[cups.general] Re: How to authenticate from printing software?

Colin Walters walters at redhat.com
Fri Aug 27 09:18:51 PDT 2004


On Fri, 2004-08-27 at 11:03 -0400, Michael Sweet wrote:
> Colin Walters wrote:

> Sigh...  You are passing a file over a network connection (local or
> remote, doesn't matter), and once that file has been accepted by
> the server, the job is created and the app can go away.

Yes.  But there is a big difference between a session CUPS daemon
running on localhost versus a remote server over a network which may be
bandwidth-limited or go down in the middle of a job.

> > ...
> >>I'd say the same, but I'm not sure you understand that the lifetime
> >>of a job lasts beyond the life of an application in IPP.
> > 
> > 
> > Um, certainly I understand that, since I implemented eggcups, which
> > provides job status feedback independent of the application.
> 
> OK, I think I see what you are trying to do now.  You want a thin
> layer between the system cupsd and the application which provides
> job monitoring and support for remote authentication.

Yes.

> Somehow I think you might be better off just providing a GUI
> application (think kprinter, gtklp, etc.) which talks directly
> to the (possibly remote) server and puts itself in the background
> to show a job status window to the user.

That is more or less what we do.

> >>>For MTAs, or for CUPS?  I very seriously doubt it is used for many MTA
> >>>setups, since for example with Kerberos, short of actually shipping the
> >>>user's Kerberos credentials over the network (violating several
> >>>principles of Kerberos), you can't do it.  In the case of plaintext
> >>>logins, you need to ship the user's unencrypted password. 
> >>
> >>With CUPS for sure,
> > 
> > 
> > How does it work then?
> 
> You setup multiple servers to act as proxies to tunnel print jobs
> between networks.  E.g. system A queues job 123 on system B, which
> sends it to C, which sends it to D, which sends it to the printer.
> 
> Right now you have to hardcode the user:pass in the device URI
> when setting up the proxy/tunnel servers, 

Right, so you're authenticating the servers, not the users.

> however in the future
> it will be possible for upstream servers to notify the job
> originator when authentication is required.

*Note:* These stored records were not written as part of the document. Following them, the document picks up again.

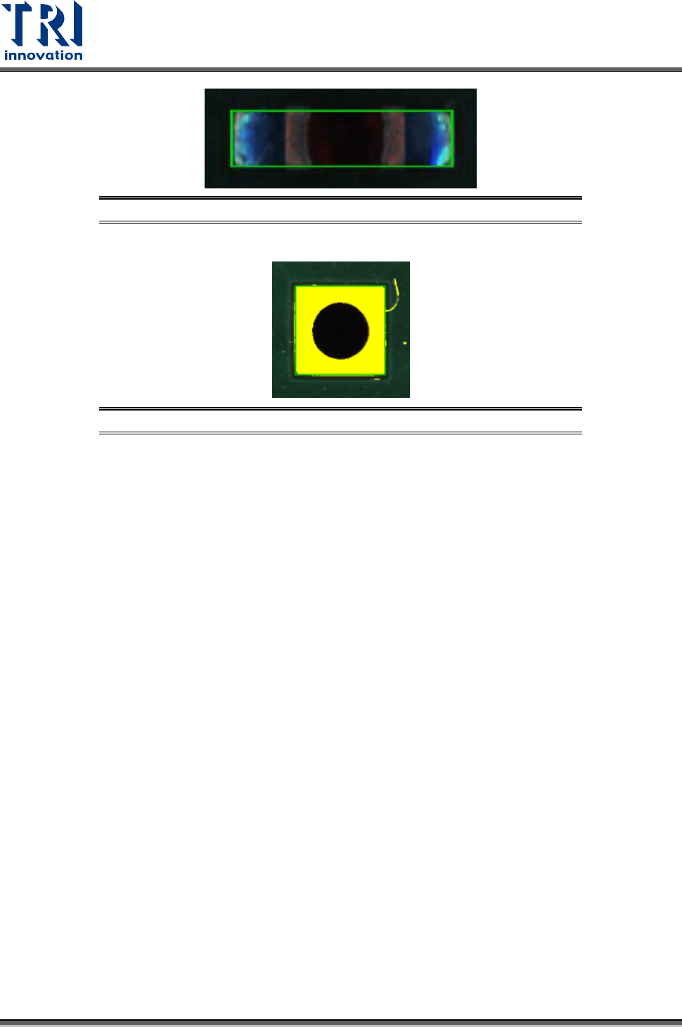 Test Research, Inc. 86 TR7500 SIII Series User G uide – Soft ware 圖 122 : Pad 框 – Head 模 式使用情況 Body :用於方型或圓 形的標記,如下圖所示。 圖 123 : Pad 框 – Body 模 式使用情況 X 方向標準尺寸:設定焊 盤在 X 方向的標準尺寸。 Y 方向標準尺寸:設定焊 盤在 Y 方向的標準尺寸。 增強過濾:增強偵測…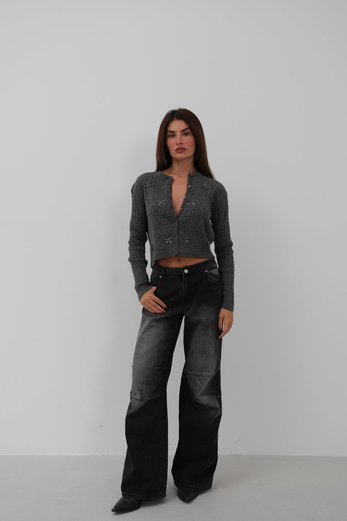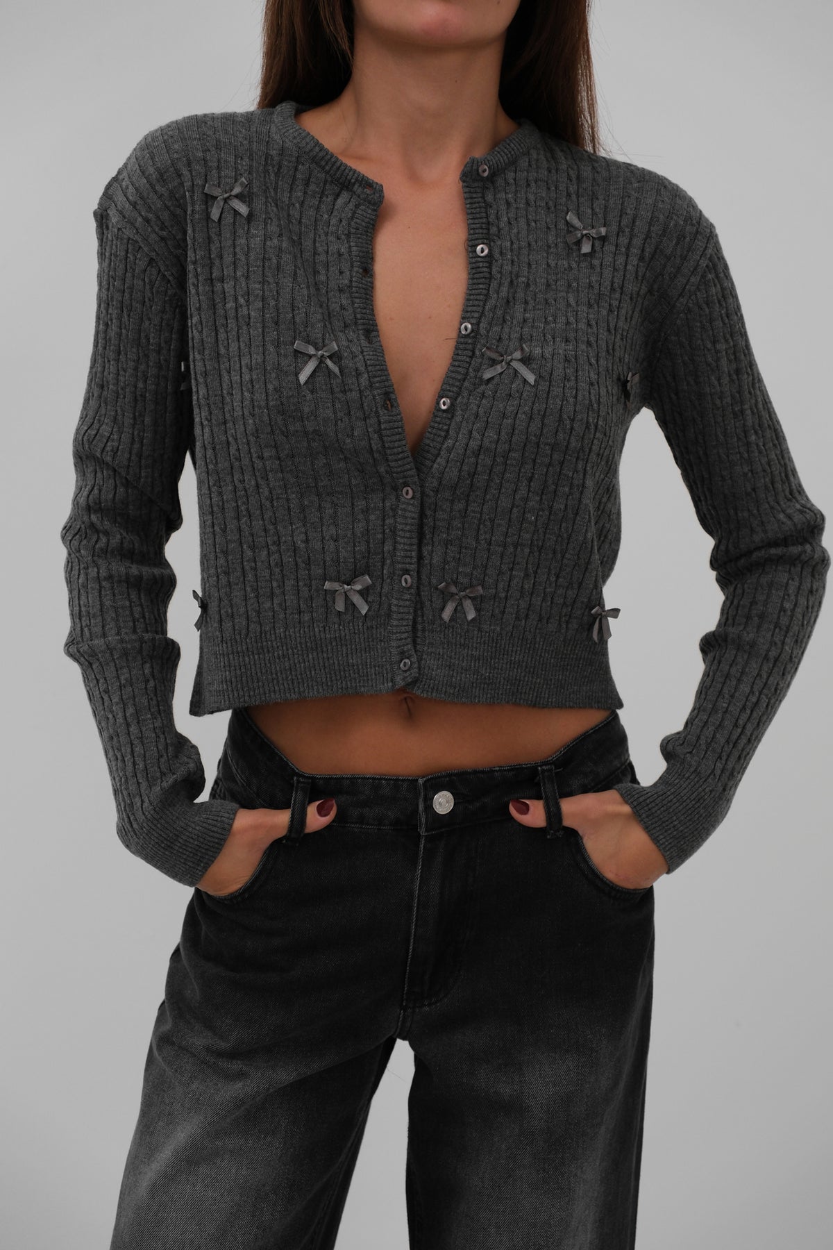 Knit Detail, Zero Collar, Front Button Detail, Bow Detail, Long Sleeve, Soft Texture, Ribbed Knitwear Sweater, Cardigan
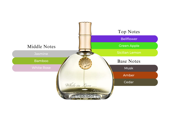 • Middle Notes: Jasmine, Bamboo and White Rose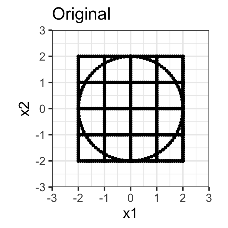 • Applying the transformation \mathbf{X}_{n\times 2}\mathbf{R}_{2\times 2} where \mathbf{R}_{2\times2} = \begin{bmatrix}\cos(\theta) & -\sin(\theta) \\\sin(\theta) & \cos(\theta) \end{bmatrix} rotates the data around the origin by an angle of \theta in the counterclockwise direction.
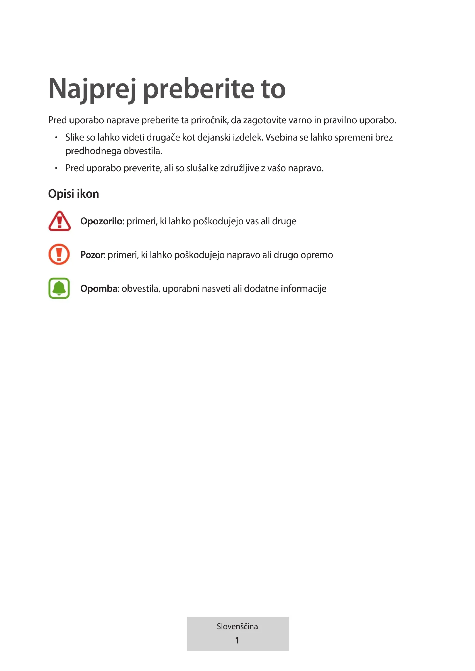 Pred uporabo preverite, ali so slušalke združljive z vašo napravo. Opisi ikon Opozorilo: primeri, ki lahko poškodujejo vas ali druge Pozor: primeri, ki lahko poškodujejo napravo ali drugo opremo Opomba: obvestila, uporabni nasveti ali dodatne informacije2 Slovenščina Začetek Vsebina paketa V kompletu morajo biti naslednji deli: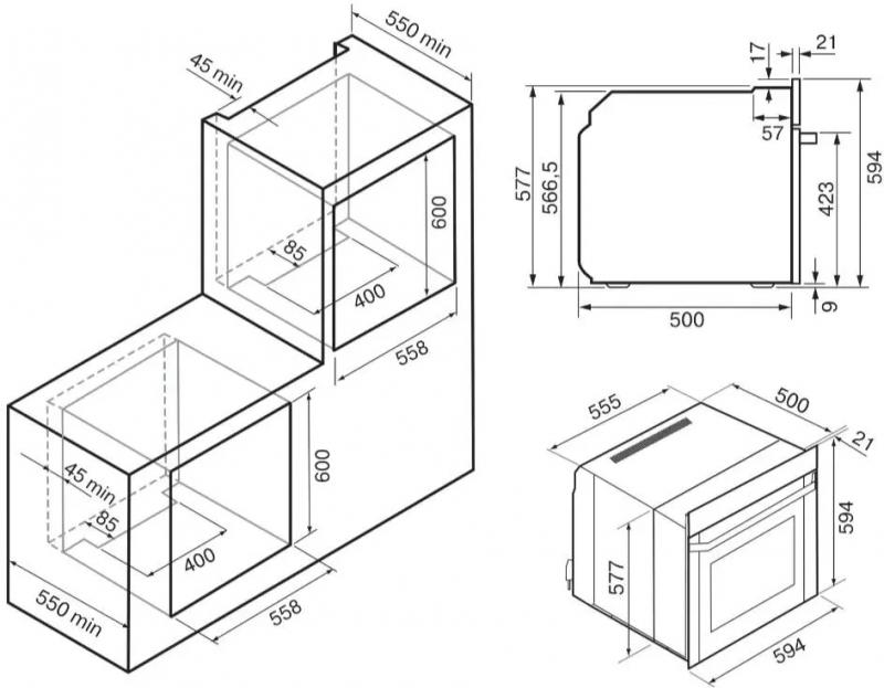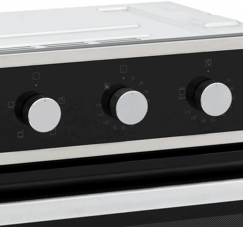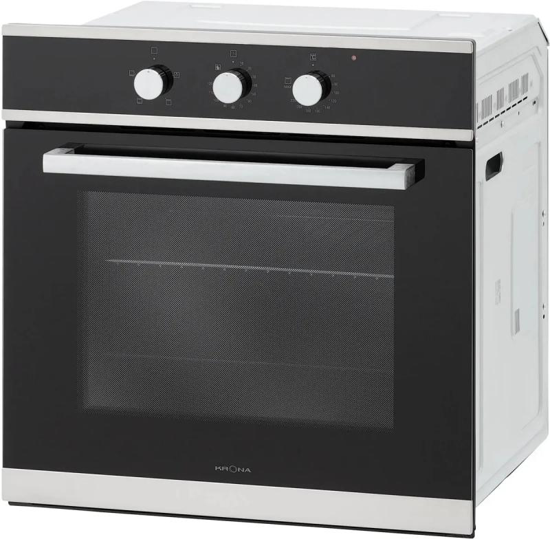Электрическая духовка KRONA Essenza 60 S G2 имеет независимое управление с поворотными переключателями и механический таймер. Объем камеры составляет 56 литров, максимальная температура нагрева достигает 260 °С. Внутреннее покрытие выполнено из эмали легкой очистки. Мощность подключения составляет 2500 Вт, класс энергоэффективности A. Духовка оснащена электрическим грилем мощностью 1300 Вт и тремя режимами работы: верхний и нижний нагрев, нижний нагрев, гриль. Имеется галогенная подсветка мощностью 25 Вт. Дверца открывается вниз и содержит три стекла, внутренняя поверхность полностью стеклянная. Подключение осуществляется кабелем без вилки. Размеры прибора составляют 59.4 х 52 х 59.4 см, размеры ниши для встраивания 55.8 x 55 x 60 см. Цвет корпуса - нержавеющая сталь/черный.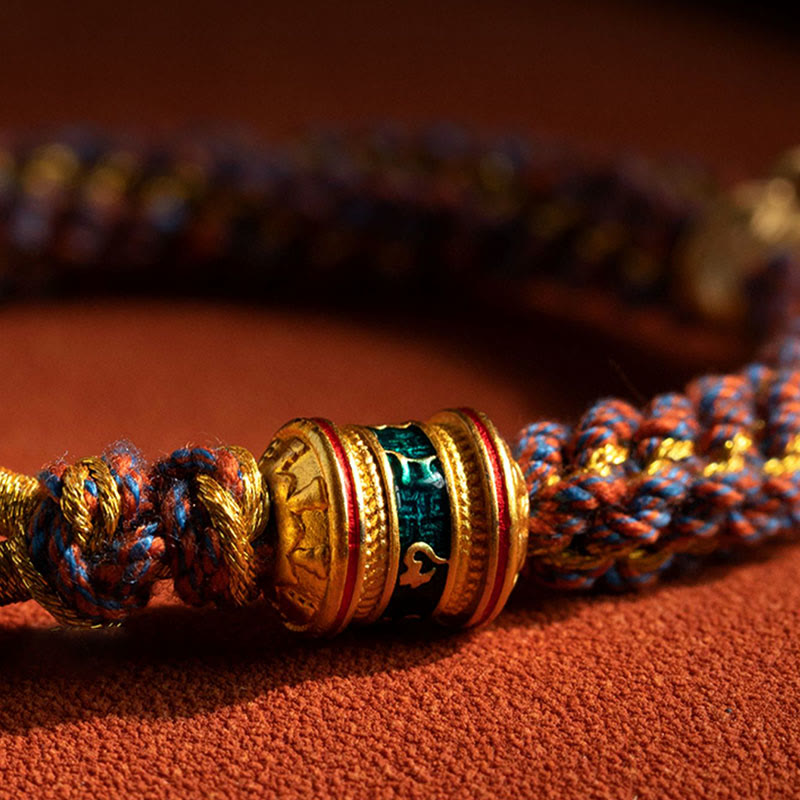 Buddha Stones 925 Sterling Silver Chinese Zodiac Natal Buddha Om Mani Padme Hum Luck Bell Braided String Bracelet

So in other words, it doesn't work with CUPS now, so I don't see how "it
is already used in a LOT of corporate and government environments".

> > I can imagine, it must have been a proprietary protocol on top of SMTP.
> 
> Not really, it basically looked like a moderation system - all outgoing
> email had to be authenticated first with the local SMTP server, the
> mail was sent and held on the final server, and then we approved it
> (with more username/password stuff) via a UI at the final server.